Eight days after the 2 July federal election, the incumbent Liberal–National Coalition finally scraped together enough seats to form government.
The close result and nerve-wracking count has given Mr Turnbull a glimpse of what his fate might have been — the leader of the first single-term federal government since 1932 — but to his surely palpable relief, he will ultimately be able to lead a Lower House majority, without even having to negotiate from the minority position Former Prime Minister Julia Gillard did in 2010.
The majority will give Mr Turnbull some comfort; its narrowness should give him and his party caution.
They were right to recognise the Australian public’s desire for “stable government” — a relief from the tumultuous infighting and policy uncertainty that has gripped both parties in the post–John Howard years.
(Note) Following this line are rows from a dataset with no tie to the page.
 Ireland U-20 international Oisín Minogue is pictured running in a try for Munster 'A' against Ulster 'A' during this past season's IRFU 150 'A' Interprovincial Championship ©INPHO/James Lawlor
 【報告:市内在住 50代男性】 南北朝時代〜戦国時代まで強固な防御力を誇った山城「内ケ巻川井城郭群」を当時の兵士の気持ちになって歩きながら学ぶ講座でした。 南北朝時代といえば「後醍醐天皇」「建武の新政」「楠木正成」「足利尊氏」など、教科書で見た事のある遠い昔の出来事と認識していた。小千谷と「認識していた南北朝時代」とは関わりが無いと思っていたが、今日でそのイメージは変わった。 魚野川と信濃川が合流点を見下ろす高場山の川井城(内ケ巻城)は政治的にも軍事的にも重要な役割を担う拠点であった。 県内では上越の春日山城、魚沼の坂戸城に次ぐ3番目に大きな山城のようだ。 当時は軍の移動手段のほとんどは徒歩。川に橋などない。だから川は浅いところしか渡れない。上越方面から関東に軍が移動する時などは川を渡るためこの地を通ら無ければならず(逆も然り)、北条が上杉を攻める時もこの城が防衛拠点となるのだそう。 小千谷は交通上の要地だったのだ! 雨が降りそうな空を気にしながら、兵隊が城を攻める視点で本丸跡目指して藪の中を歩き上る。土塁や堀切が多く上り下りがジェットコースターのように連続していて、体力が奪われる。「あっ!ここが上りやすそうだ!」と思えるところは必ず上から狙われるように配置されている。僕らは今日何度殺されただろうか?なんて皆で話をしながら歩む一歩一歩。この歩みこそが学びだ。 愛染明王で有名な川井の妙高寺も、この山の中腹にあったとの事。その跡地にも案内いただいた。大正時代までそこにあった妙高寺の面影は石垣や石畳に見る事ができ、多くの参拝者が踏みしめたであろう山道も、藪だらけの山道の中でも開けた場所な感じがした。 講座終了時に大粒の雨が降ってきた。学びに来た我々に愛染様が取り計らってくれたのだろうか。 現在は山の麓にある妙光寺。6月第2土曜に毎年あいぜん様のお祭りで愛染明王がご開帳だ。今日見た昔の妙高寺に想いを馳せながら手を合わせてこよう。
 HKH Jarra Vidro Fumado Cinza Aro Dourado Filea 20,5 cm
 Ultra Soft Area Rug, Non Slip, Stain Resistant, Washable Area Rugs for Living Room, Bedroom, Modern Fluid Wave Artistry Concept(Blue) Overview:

Yet rather than make the most of the return to normalcy that a second term might present, key conservatives in the Coalition are already pushing for a more powerful right-wing presence in the government.
Immigration minister Peter Dutton and former defence minister Kevin Andrews have pushed for conservative leader Tony Abbott to return to the frontbench. Senator Eric Abetz has urged the government to ditch its proposed changes to superannuation. There were even suggestions Senator Cory Bernardi might break away from the Liberals and head up his own conservative movement.
It would be a mistake for the Coalition’s right to hobble the Prime Minister with the ideological excesses that characterised Tony Abbott’s leadership. The public showed no appetite for them then, and the plethora of independents and small parties ushered into the Senate by the double dissolution election will make difficult any attempts to push pet party projects that have nothing to do with good government.
In recent years, Australia has suffered from governments that have paradoxically been both too ideological and too timid.
Rather than pursue grand-vision economic and infrastructure projects and addressing the growing difficulties presented by climate change, a slowing economy, and intergenerational mobility, governments have turned inward and focused on narrow concerns and partisan obsessions about which most voters do not care.
A thin lower house majority is not a reason a government should necessarily fail, as Mr Howard proved in 1998.
And an uncooperative Upper House has long been the bane of governments — Paul Keating disparaged the Senate as “unrepresentative swill” in 1989. But, as Julia Gillard showed with her unexpectedly productive time in government, negotiation need not be a barrier to passing legislation.
Other nations have marvelled at Australia’s economic resilience over the past two decades. Mr Turnbull must show Australia he can deliver the stability he promised.
If the nation gets more of the same, its luck — as well as the government’s — might run out.